To sign, or not to sign? That is the question for SA musicians

When you see a rapper with a flashy ride paid for by his record label, all may not be as it seems.


There is a persistent narrative in South Africa of famous, bestselling musicians “dying as paupers”. A prime example is Mahlathini, the lead vocalist who performed with the Mahotella Queens, a 1960s mbaqanga group that attracted global recognition.

Similar stories were told after the more recent deaths of the legendary pop singer Brenda Fassie and local kwaito star Brown Dash.

Built into this narrative is a suspicion that record labels and producers take advantage of musicians, enriching themselves at the expense of the artist.

Despite this, many musicians are eager to sign a contract with a recording label as soon as the option opens up. Most view a record deal as a sign that they have made it in the industry and believe that a contract will guarantee continuous income.

My research into contracts and patronage in the South African music industry highlights how important it is for artists to understand how the industry works – at the formal, legal level of contracts, as well as at the more hazy and unofficial level of favours and gifts.

Know your contract

Until recently, there were two main types of contracts available to artists: recording agreements and licensing agreements. The main difference between them is in the ownership of the product and in the royalty share.

With a recording deal, the music company pays for the recording-related costs and from then on owns the product.
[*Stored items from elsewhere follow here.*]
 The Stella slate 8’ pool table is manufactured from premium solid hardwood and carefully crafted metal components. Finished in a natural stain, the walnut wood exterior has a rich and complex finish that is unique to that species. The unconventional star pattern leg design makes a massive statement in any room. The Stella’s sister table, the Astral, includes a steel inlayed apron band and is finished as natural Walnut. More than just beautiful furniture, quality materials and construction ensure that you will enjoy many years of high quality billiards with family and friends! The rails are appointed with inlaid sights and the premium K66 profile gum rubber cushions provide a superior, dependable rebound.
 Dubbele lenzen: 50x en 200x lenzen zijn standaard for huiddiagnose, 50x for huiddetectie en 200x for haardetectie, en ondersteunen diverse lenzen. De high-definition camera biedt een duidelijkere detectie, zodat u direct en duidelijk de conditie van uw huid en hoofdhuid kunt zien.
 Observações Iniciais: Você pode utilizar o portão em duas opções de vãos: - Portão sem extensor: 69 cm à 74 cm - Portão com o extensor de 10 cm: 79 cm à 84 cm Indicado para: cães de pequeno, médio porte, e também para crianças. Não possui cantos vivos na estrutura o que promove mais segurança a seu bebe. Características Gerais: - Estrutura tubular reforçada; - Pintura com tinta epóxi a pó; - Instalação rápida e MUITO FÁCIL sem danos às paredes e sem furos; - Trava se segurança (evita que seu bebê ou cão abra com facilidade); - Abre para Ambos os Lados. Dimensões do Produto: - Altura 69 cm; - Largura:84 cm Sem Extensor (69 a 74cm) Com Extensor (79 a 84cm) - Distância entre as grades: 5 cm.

The artist receives royalties on record sales and (nowadays) on radio play. But it’s common that the artist gets only a small amount or no recording royalties because the company first deducts various production costs.

A licensing deal means that the artist produces her or his record. They then authorise the music company to manufacture and distribute it. The artist gets a larger royalty share than in the recording deal and eventually holds the ownership for their record. So, in terms of ownership and incomes, a licensing deal is often a better option.
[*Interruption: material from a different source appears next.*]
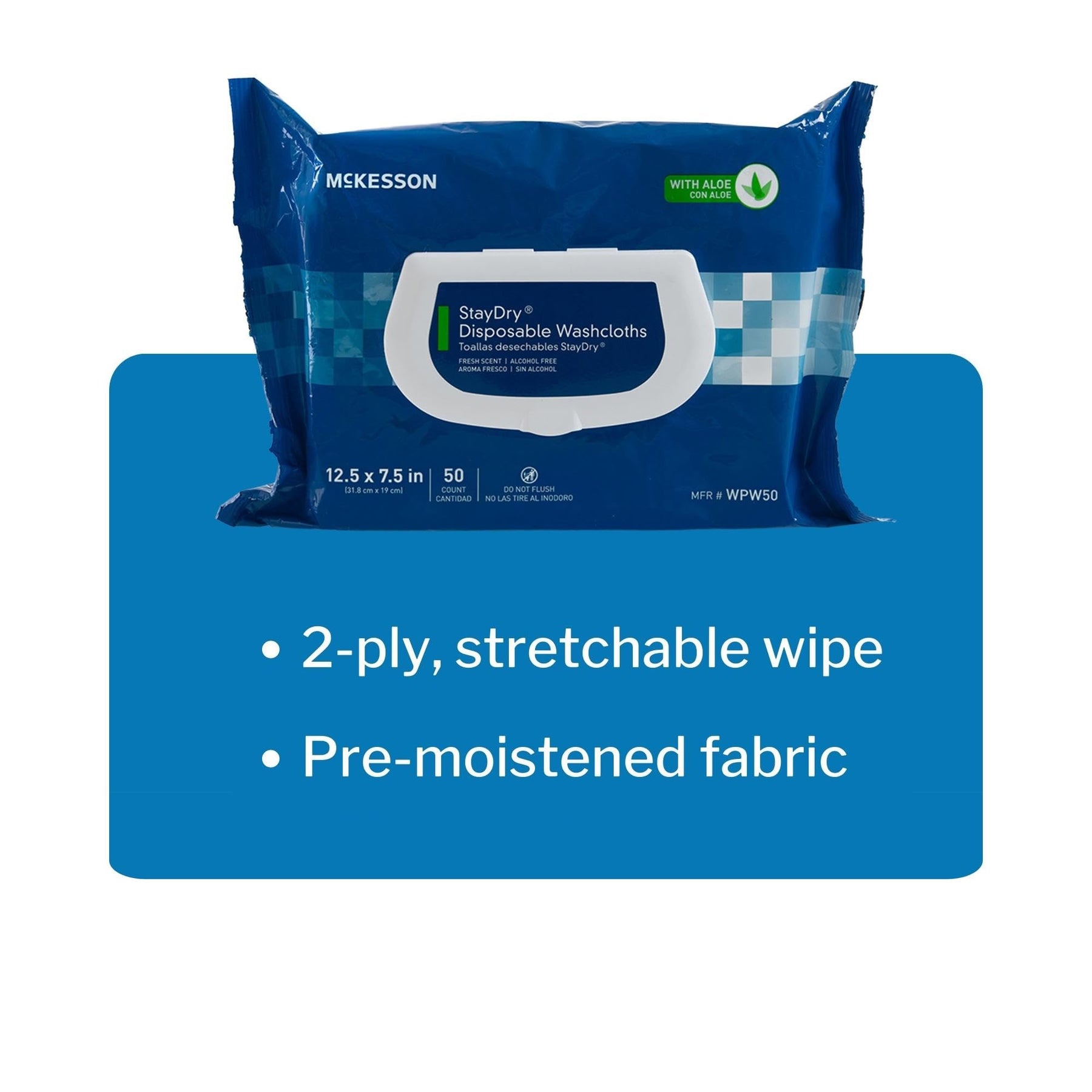 - Original Cleansers & Deodorants – StayDry® Disposable Washcloths with Aloe, 8 X 12 Inch, Soft Pack - Pack of 50 by McKesson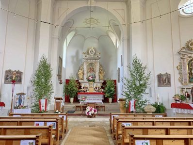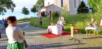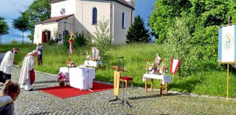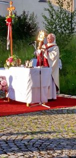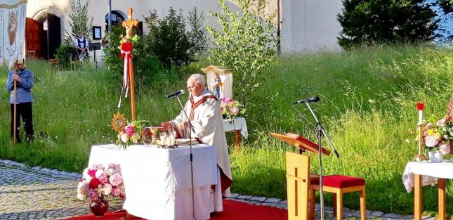 Gutes Wetter machte es möglich, dass die Pfarrgemeinde “Christkönnig” von Wildenwart die heurige Fronleichnamsfeier im Corona-Rahmen im Freien abhalten konnte. Zelebrant war dabei Pfarrer i. R. Konrad Kronast. Er bedankte sich bei den vielen Wildenwarter Ehrenamtlichen und Mitgliedern der kirchlichen Gremien für ihr Mitwirken mit einem herzlichen “Vergelt´s Gott”. Sein besonderer Dank galt dafür, dass der Platz für die Messfeier ebenso liebevoll und festlich hergerichtet war wie die Kirche im Innern. Überall war das farbige Erscheinungsbild auf Fronleichnam abgestimmt.

Recently music companies have increasingly moved to what are called 360-degree deals. In these contracts, the company promises to enhance all aspects of an artist’s career development. In return, the music company is entitled to a share of all the artist’s income streams. These include publishing, booking, touring and ticket incomes, TV and video appearances, merchandise sales, endorsement deals and management fees – in addition to the usual record sales.
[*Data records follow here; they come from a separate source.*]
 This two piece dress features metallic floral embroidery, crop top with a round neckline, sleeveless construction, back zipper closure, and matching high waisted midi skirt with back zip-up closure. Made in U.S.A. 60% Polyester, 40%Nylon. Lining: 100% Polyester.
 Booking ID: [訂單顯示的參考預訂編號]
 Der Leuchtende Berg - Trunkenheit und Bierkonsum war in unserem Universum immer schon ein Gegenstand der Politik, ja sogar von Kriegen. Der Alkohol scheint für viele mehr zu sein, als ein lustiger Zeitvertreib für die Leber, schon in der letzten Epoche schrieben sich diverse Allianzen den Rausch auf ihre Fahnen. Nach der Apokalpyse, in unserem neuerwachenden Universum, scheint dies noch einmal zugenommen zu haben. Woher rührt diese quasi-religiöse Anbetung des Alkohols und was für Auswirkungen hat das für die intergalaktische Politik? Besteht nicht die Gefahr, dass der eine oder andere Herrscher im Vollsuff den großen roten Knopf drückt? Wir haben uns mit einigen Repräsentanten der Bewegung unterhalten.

Whatever the type of the contract, the more established and popular the artist, the better deal she or he can negotiate. That is why, when it comes to signing a contract, timing is important.

A relatively new and unknown musician doesn’t have much bargaining power in negotiating the conditions of their contract. For this reason, music industry advocate Nick Matzukis encourages emerging musicians to consider initially releasing their music on their own – or with the use of crowdfunding. The point is that they should prove their popularity before entering into negotiations with music companies.

Whether self-releasing or signing a contract, an artist is bound to fare better when armed with as much knowledge as possible about the music business and laws. This can be learnt through books, the internet or courses. And because contracts are complicated legal documents, it’s also advisable to consult an entertainment lawyer or adviser before signing one.

Be wary of favours and gifts

Beyond the complexities and pitfalls of the legalistic world of contracts, there are also some hazy practices that I call “patronage practices”. They can replace contracts or can work alongside contracts.

Whereas contracts very specifically demarcate the shares of the diverse proceeds for each party, in a patronage relationship proceeds are negotiated through a more inexact give-and-take and they are often rewards in kind rather than money.

The record producer can, for instance, give food, accommodation or instruments, and some free records to the artist. For a famous artist, a flashy car and a fancy house can be given.

These arrangements seem casually negotiated rather than carefully calculated. And they may feel convenient for a time. They appear as flexible arrangements entered into by people who view each other as creative partners rather than legal subjects. This is both the beauty and the danger of patronage arrangements.

The danger for musicians is that they may understand the received items as gifts or compensation for their creative accomplishments. But the company usually views them differently. It considers them debts or “advances” that will be deducted from the artist’s ensuing royalties. Often the artist would not know how much or which expenses are being deducted from the royalties and this eventually leads to confusion and irritation.

When the situation turns into an open dispute, the contracts are pulled out. These tend to protect the company because companies thoroughly consider their contents in advance.

Artists should therefore do likewise and not forget that the relationship is underpinned by a legal agreement.

The ConversationThe advice for a musician who wants to avoid becoming another line in the narrative of famous but impoverished artists is to be very careful with the contracts they sign, to acquire as much knowledge as possible about the music business and contracts, to be very active in promoting themselves even when signed, and to be wary of patronage arrangements.

Tuulikki Pietilä, Lecturer of Social and Cultural Anthropology, University of Helsinki

This article was originally published on The Conversation. Read the original article.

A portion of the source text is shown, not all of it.